_Assignment_
Your task is to write out the entire listing exactly, omitting its pictures.

_Dataset extract_
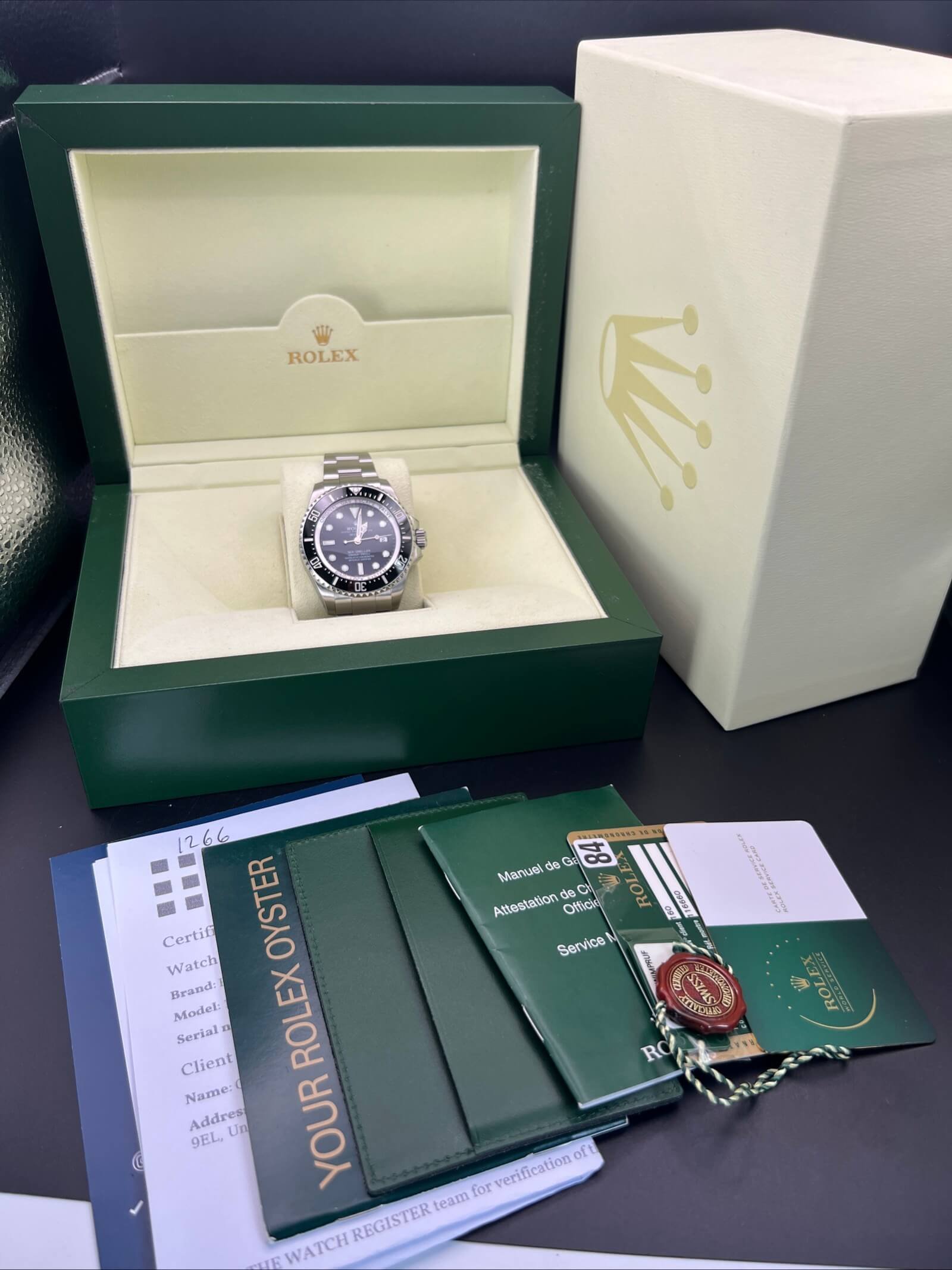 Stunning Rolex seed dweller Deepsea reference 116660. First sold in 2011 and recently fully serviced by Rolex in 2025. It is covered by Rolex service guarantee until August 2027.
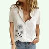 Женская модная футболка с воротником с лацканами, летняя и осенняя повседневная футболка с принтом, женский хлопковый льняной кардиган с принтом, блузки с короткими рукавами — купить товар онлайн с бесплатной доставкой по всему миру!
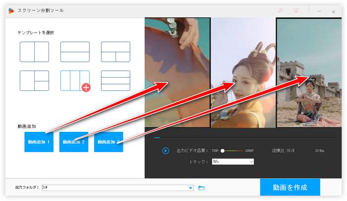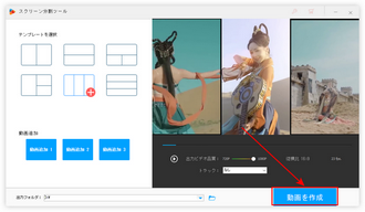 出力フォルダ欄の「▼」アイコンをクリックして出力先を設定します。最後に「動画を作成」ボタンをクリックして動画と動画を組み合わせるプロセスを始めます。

_Answer section_
 Stunning Rolex seed dweller Deepsea reference 116660. First sold in 2011 and recently fully serviced by Rolex in 2025. It is covered by Rolex service guarantee until August 2027.
 Женская модная футболка с воротником с лацканами, летняя и осенняя повседневная футболка с принтом, женский хлопковый льняной кардиган с принтом, блузки с короткими рукавами — купить товар онлайн с бесплатной доставкой по всему миру!
 出力フォルダ欄の「▼」アイコンをクリックして出力先を設定します。最後に「動画を作成」ボタンをクリックして動画と動画を組み合わせるプロセスを始めます。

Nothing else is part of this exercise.